For the sampled data the resulting PCA transformation may differ, AND
for the same data there may be two transformations slightly different
then each other, should this make the resulting ( transformed ) data a
bad candidate for correlation ?
Any comment would be appreciated.
Nadav
Reply by Ikaro●March 16, 20072007-03-16
Hi,
Here are some of my thoughts in this...
> One problem with this concept, I am searching for thousands of
> patterns in each 'iteration'.
I think what you are trying to do is match a test vector with
throusands of classes (ie,patterns).
Thinking back on this, I did not realize you had that many classes.

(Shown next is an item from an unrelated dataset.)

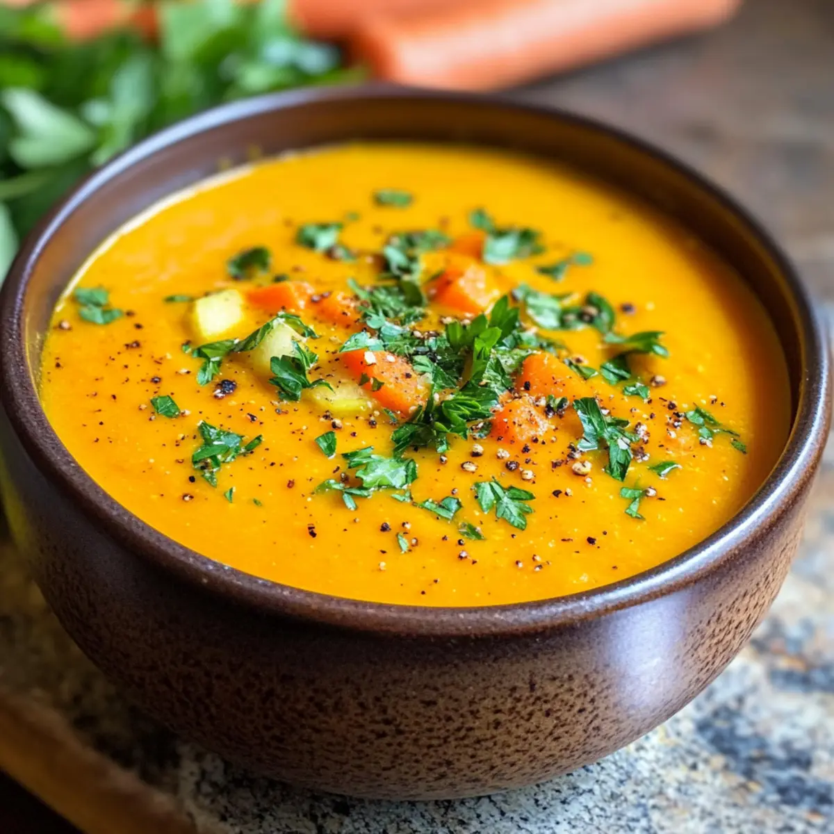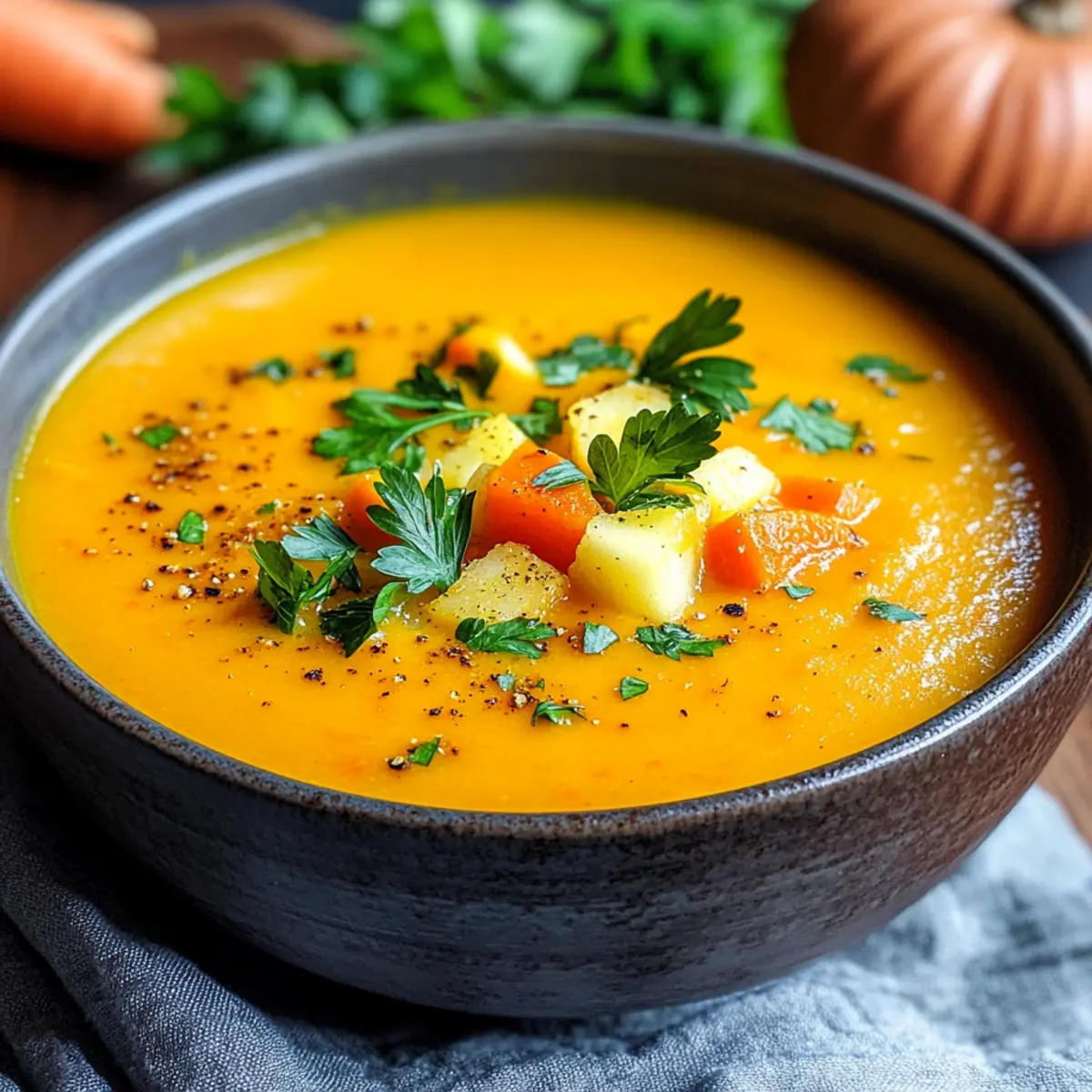 Wohltuende Wärme: Der einzigartige Mix aus Kürbis, Karotten und Kokosmilch schafft eine herzliche, wärmende Mahlzeit, die besonders an kalten Tagen perfekt ist.

Keep in mind that in general, the more classes
you have the less likely your feature space will be linearly separable
(if your number of classes is higher than your N features, than
offcourse you
can forget about LDA).
> Resembling each pattern as a dataset will dramatically increase the
> dimensionality of the covariance matrix, this, will reduce performance
> and hence, makes usage of LDA in that manner to be non practical.
>
> Did I get LDA right? Are there any other ways to use LDA for pattern
> recognition regarding MFCC features?
Almost. You don't want to get an LDA for *every* class but for the
whole class space. In other words each class is simply mapped to
another space through LDA (the LDA is the same and is done with all
classes together). So in the end each class is not a separte dataset
but a vector of transformed features in the unique LDA space (you use
the mean of each class to measure the distance from the test target).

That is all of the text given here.